## Stored data

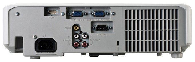 Проектор оснащён всеми необходимыми разъёмами для подключения практически любых внешних устройств и имеет выход на контрольный монитор.
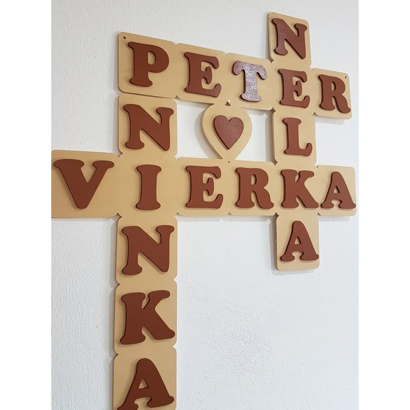 Originálny dizajnový kúsok na stenu. Každý jeden rodinný Scrabble je jedinečný a má iný tvar.
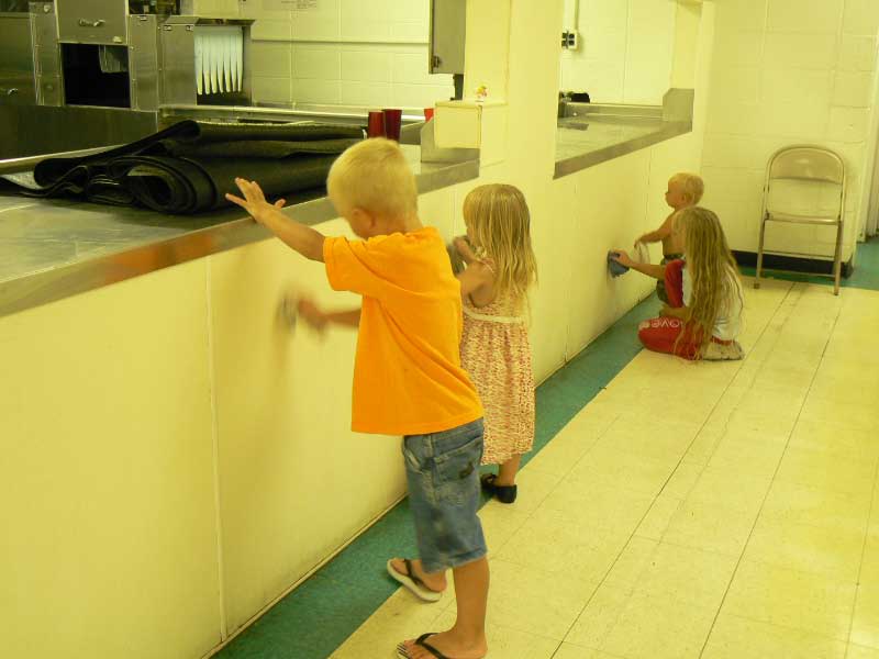 Meanwhile, we worked our tales off at camp, washing the walls and scrubbing sludge off of the floor of the huge dining hall. Even Gabriel and Josie helped. Hanna worked really hard and Naomi also. We actually got a lot done in between driving back and forth to Cody’s camp, swimming, putt putt golf, eating peanut butter and honey sandwiches, and hanging in the motel room.
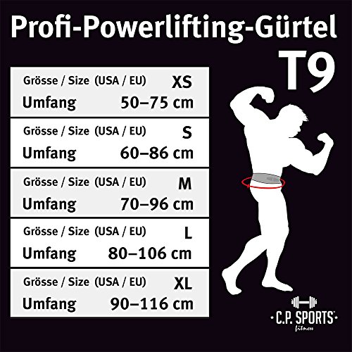 Der C.P. Sports Profi-Powerlifting-Gürtel ist ein extrem stabiler, mehrlagiger Gürtel aus Buffalo-Leder. Mit einem absolut sicheren, stabilen und festen Patentverschluss mit verchromter Schnalle ist er wettkampferprobt und daher für Profis bestens geeignet. Einsetzbar für Maximaltraining mit schweren Gewichten im Bereich Kraftsport, Powerlifting und Dreikampf. Der Gürtel stützt und stabilisiert die Wirbelsäule und entlastet die Knie bei schweren Kniebeugen, Kreuzheben, Bankdrücken usw. Die richtige Größe lässt sich ermittteln, indem Sie Ihren Taillenumfang auf Bauchnabelhöhe genau messen. Besondere Merkmale: · mehrlagiges, extrem stabiles und hochwertiges Buffalo-Leder · geeignet für Profis – wettkampferprobt mit absolut sicherem Patentverschluss · Schnalle verchromt · Breite 9,5 cm · Stärke 1 cm Material: 100% Leder Farbe: rot Erhältlich in den Größen (Tailenumfang in cm): XS (50-75cm) – S (60-86cm) – M (70-96cm) – L (80-106cm) – XL (90-116cm) XXL (100-126cm) Lieferumfang: 1 Powerlifting-Gürtel in der gewünschten Größe
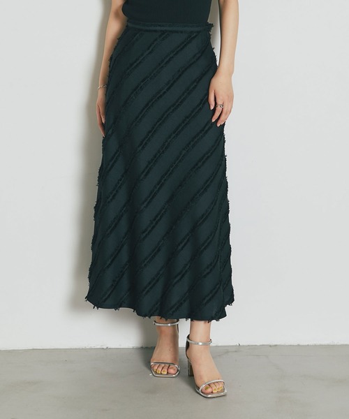歩くたび、表情を変える。斜めのフリンジラインが織りなす、大人カジュアルスカート。 表面感のあるジャガード織りのような生地に、同色のフリンジを斜めにあしらった、 こだわり抜いたテクスチャーが魅力のロングスカート。 バイアス方向に流れるフリンジのラインが、静止していても躍動感を与え、 スタイリングに豊かな奥行きをプラスします。広がりすぎない絶妙なAラインシルエットが、 腰回りをすっきりと見せながら、優雅で女性らしい佇まいを演出。 ブラウスを合わせてレディに仕上げるのはもちろん、シンプルなニットやTシャツと合わせても、 素材の存在感が際立ち、洗練されたモードな装いに導いてくれます。 日常の何気ない動きさえも美しくドラマティックに見せてくれる、主役級のボトムスです。 【Information】 ◆ZOZOTOWN店のクーポンやタイムセールなどのお得情報、ZOZO限定商品の新着情報は、 公式Instagram(@nostalgia_zozotown)にて配信中! ◆《お気に入り登録》がオススメ ・「商品のお気に入り登録」で再入荷通知や、ラストの通知、セール通知も受け取ることが出来ます。 ・「ブランドのお気に入り登録」で新商品や再入荷など、お得な情報を受け取ることが出来ます。 【商品について】 ◎着用画像は撮影条件により色具合が異なって見える場合がございますので、カラー別商品画像を参考にしてください。 またご利用端末環境により、商品画像と実物では多少色が異なって見える場合がございます。 ◎記載のサイズは実寸サイズとなります。但し、海外生産品の為、各採寸箇所実寸より 【約-2cm〜+2cm】は誤差の許容範囲とさせていただきます。 ◎当店で掲載されている商品は、撮影前にすべてプレスをかけております。 商品は、たたんで個別ビニール袋に入れておりますので、お届け時にはたたみシワ、細かいシワが残る場合がございます。綿・麻・レーヨンなどは強めにシワが残る場合もありますが、不具合ではございませんので予めご承知おきの上、お買い求めください。 ◎ “生地を織る際の糸の継ぎ目”や多少の“ほつれ”“綿・麻・ニット生地特有のネップ”が見られることがございますが、生産工程上避けられないものであり、品質上の問題ではございません。 また生地の織りに多少の他繊維が混紡している場合もございます。 【着用時のご注意点・お洗濯について】 ◎着用時、水分(汗・湿気)を含みますと色落ちする可能性がございます。また、摩擦等で色落ちの可能性もございますので、濃色の商品の着用時には十分ご注意ください。 ◎お洗濯時に色落ちの可能性のある濃色は他の繊維への移染を防ぐため、洗濯表示をご参照いただき単独でのお洗濯をお願いします。また洗濯後はすぐに形を整えて干して下さい。 漂白剤・乾燥機のご使用はお避けください。 ◎商品によっては繊維独特の匂いがある場合がございます。匂いが多少強く感じられるものもございます。数日のご使用や陰干しなどで気になる匂いはほとんど感じられなくなります。 【再販について】 ◎再販時は出来るだけ同じものを生産するようにメーカーに依頼しておりますが、生産時期により若干ではございますが、カラーや仕様が異なる場合がございます。 ◎キャンセル分やメーカー少量再販分など予告なく商品アップする場合がございます。 ご了承の上お買い求めいただきますようお願いいたします。 【返品交換について】 以下の場合にはご返品をお受けできません。 1. タグ・ラベル・袋・箱など、お届時にあった付属品のない商品 ( ※商品についている紙タグは切られてしまいますとご返品お受けできません ) 2. 一度ご使用になられた場合、またはその形跡のある商品 3. お客様の責任で、商品が破損している物 4. クリーニングに出された商品、又は洗濯された商品 5. 香水・タバコ・化粧品などその他の臭い・汚れが付着している商品 6. すそ直しなど、加工された商品 7. 返品のご連絡がない場合 8. 商品到着より7日以上経過後の商品(※配達完了日含む7日とさせて頂きます ) 9. サイズ・色違いの複数買い(買占め)による明らかな試着目的購入。 ご連絡なきご返品、商品到着日含む7日以上経過した商品などは、一切交換・返品をお受け致しておりません。(※お荷物の配達完了日を含む7日となります。 配達完了日より数日経過後の荷物の開封でご連絡の遅れた場合などは、対象外となりますのでご注意ください。) ◎肌に合わない(チクチクする)・製品自体の匂い等個人差による理由は不良品扱いにはなりませんのでご注意ください。
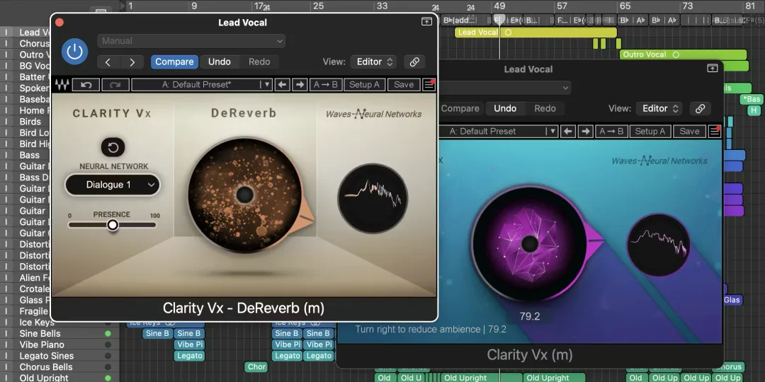 先抑制混响/房间声:录音中如果包含过多的自然房间混响,就会掩盖实际的音高。在这种情况下,先用Clarity DeReverb,然后再用Clarity Vx和你选择的调音插件。这样能去除多余的环境混响,然后再清除剩余的噪音。
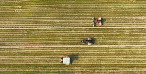 (250219) -- SHENXIAN, 19 febrero, 2025 (Xinhua) -- Vista aérea tomada con un dron el 19 de febrero de 2025 de agricultores operando máquinas agrícolas en un campo, en el distrito de Shenxian, en la provincia de Shandong, en el este de China. Las actividades agrícolas están en pleno apogeo en toda China a principios de la primavera. (Xinhua/Fan Changguo) (jg) (da) (vf)
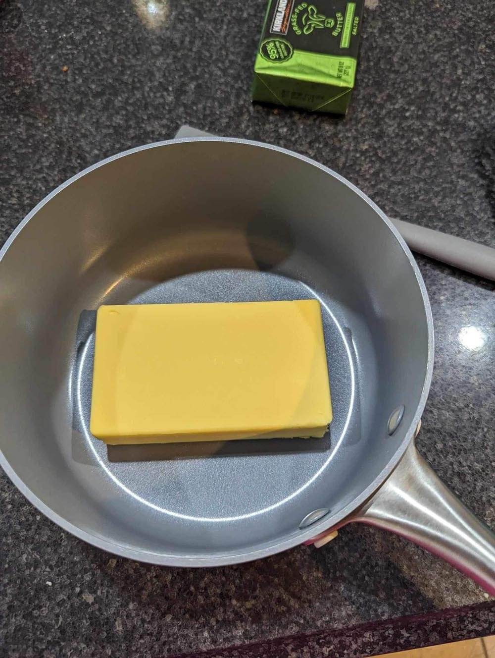 - Cut the unsalted butter into tablespoon-sized pieces and place them in a light-colored saucepan. A light-colored pan makes it easier to see the color change in the butter.
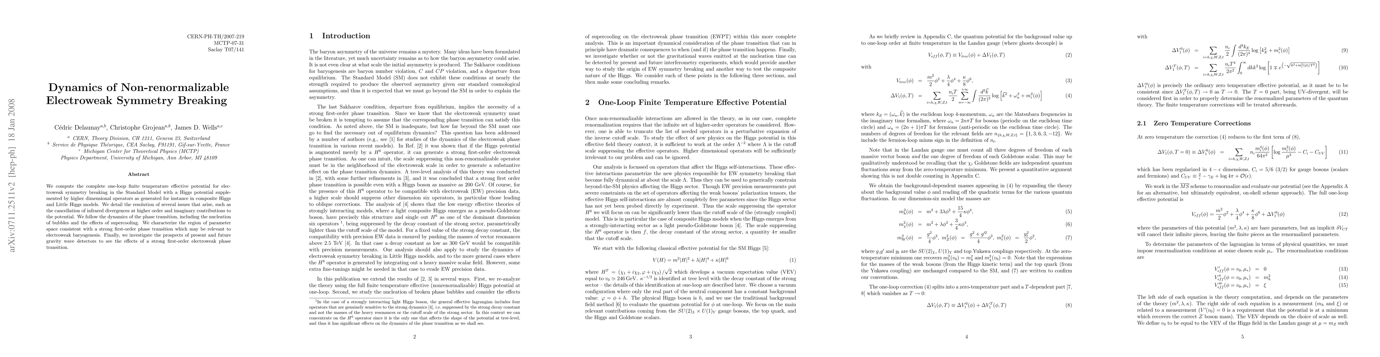 We compute the complete one-loop finite temperature effective potential for electroweak symmetry breaking in the Standard Model with a Higgs potential supplemented by higher dimensional operators as generated for instance in composite Higgs and Little Higgs models. We detail the resolution of several issues that arise, such as the cancellation of infrared divergences at higher order and imaginary contributions to the potential. We follow the dynamics of the phase transition, including the nucleation of bubbles and the effects of supercooling. We characterize the region of parameter space consistent with a strong first-order phase transition which may be relevant to electroweak baryogenesis. Finally, we investigate the prospects of present and future gravity wave detectors to see the effects of a strong first-order electroweak phase transition.
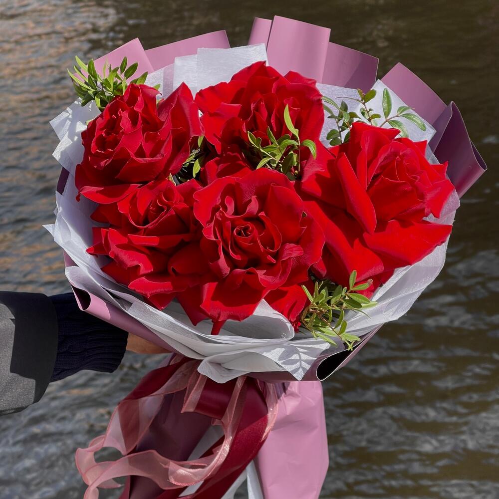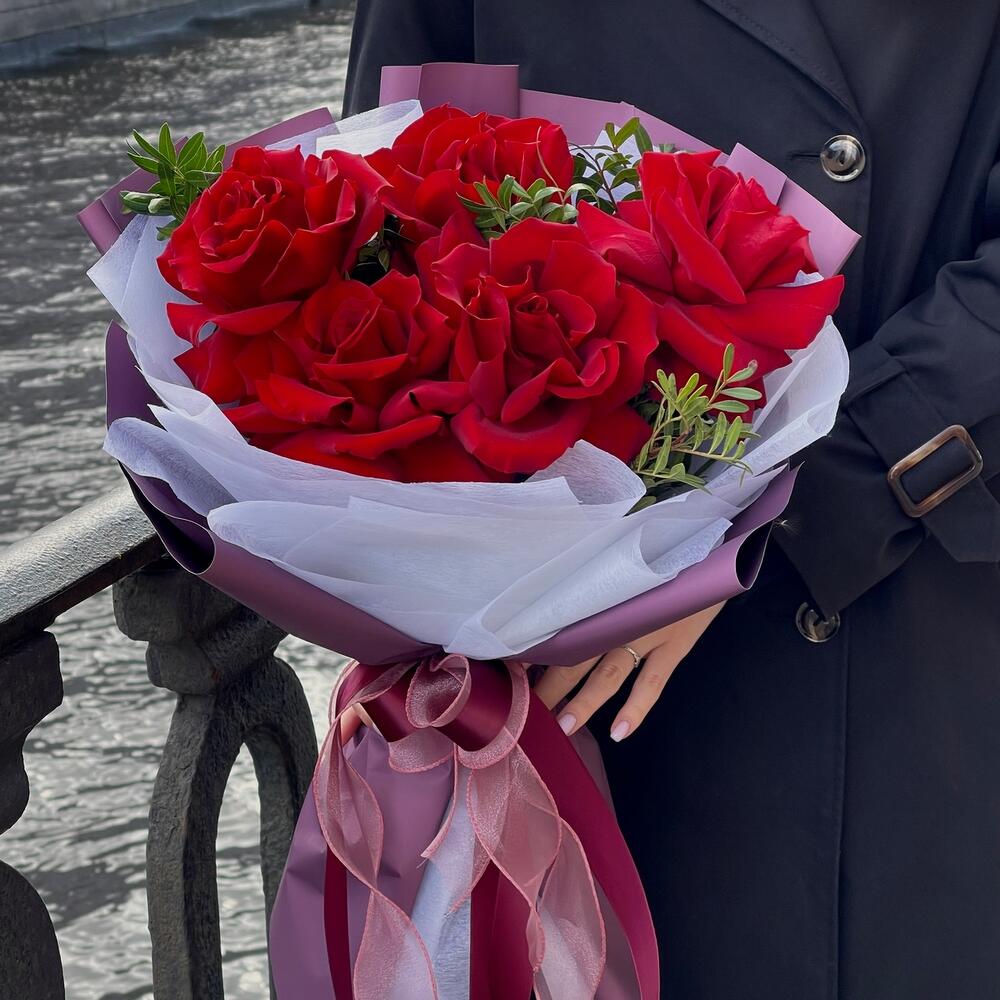 Лента – 2 шт.Роза одноголовая – 5 шт.Фисташка – 5 шт.Упаковка дизайнерская – 1 шт.
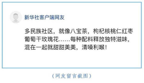 還有網友以寧夏著名的八寶茶來形容各民族團結和諧的景象——各種配料搭在一起,才能有滋有味。缺哪一樣,都少點“茶味”。
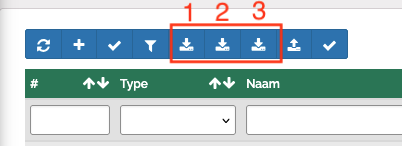 Op andere schermen kunnen ook andere gegevens geëxporteerd worden. Alle downloads zijn via bovenstaand symbool in de blauwe balk te vinden.
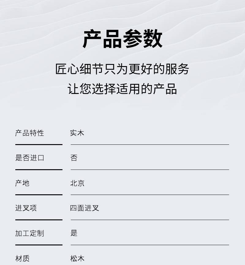 | 进叉项:四面进叉 | 加工定制:是 | 材质:松木 |
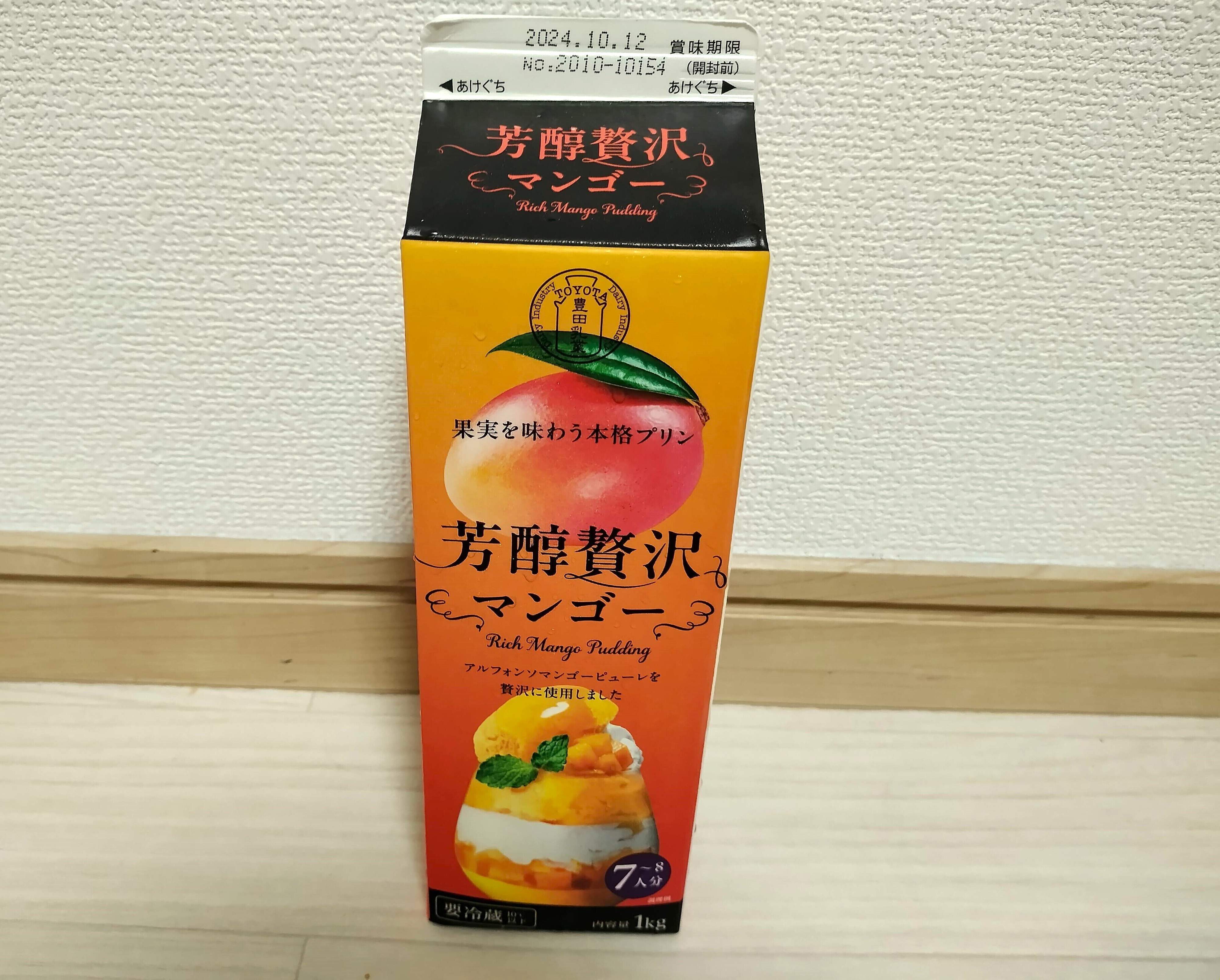 こちらがその「芳醇贅沢マンゴー」です。価格は1パック税込538円です(2024年8月筆者購入時)。1パックに1キロのマンゴープリンが入っており、超大容量なマンゴープリンです。業務スーパーで販売されている紙パックスイーツの中では高めな価格なので、最初は躊躇しましたが思い切って買ってみました。
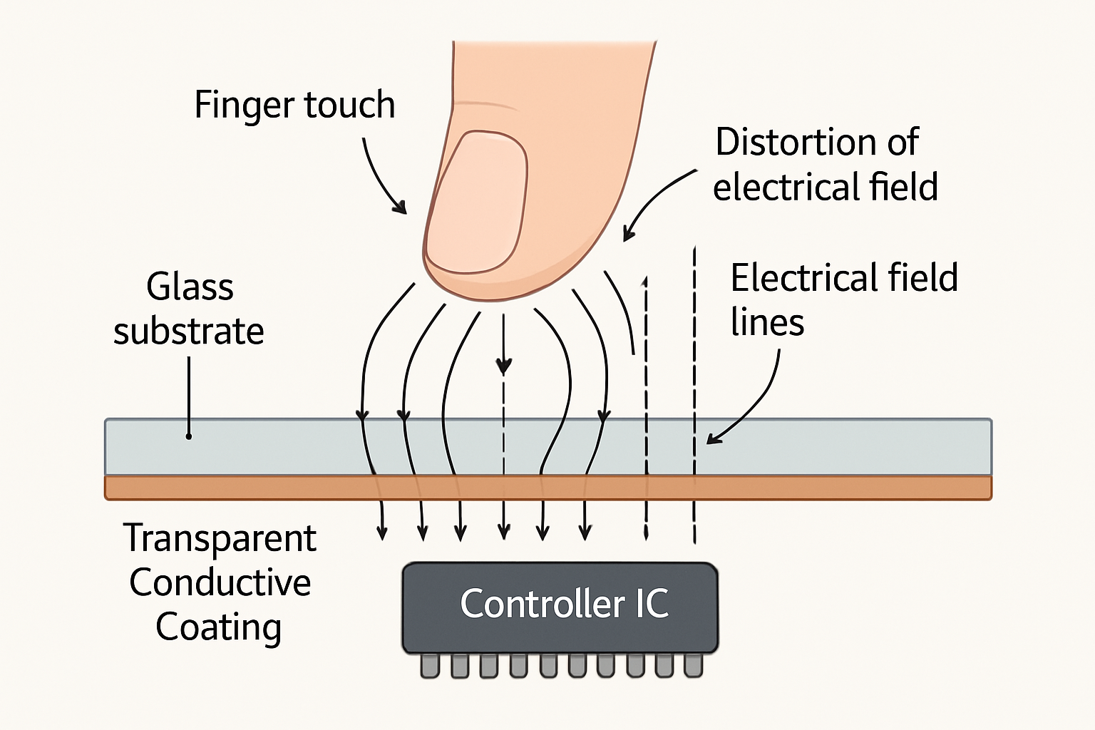 Capacitive touchscreen technology detects touch by measuring changes in an electrical field rather than physical pressure, using a glass substrate with a transparent conductive coating.

## Task directions
Once the line containing "こちらがその「芳醇贅沢マンゴ" is located, write out exactly that line and each one after it to the end of the records above, excluding pictures and nothing else.

## Answer box
 こちらがその「芳醇贅沢マンゴー」です。価格は1パック税込538円です(2024年8月筆者購入時)。1パックに1キロのマンゴープリンが入っており、超大容量なマンゴープリンです。業務スーパーで販売されている紙パックスイーツの中では高めな価格なので、最初は躊躇しましたが思い切って買ってみました。
 Capacitive touchscreen technology detects touch by measuring changes in an electrical field rather than physical pressure, using a glass substrate with a transparent conductive coating.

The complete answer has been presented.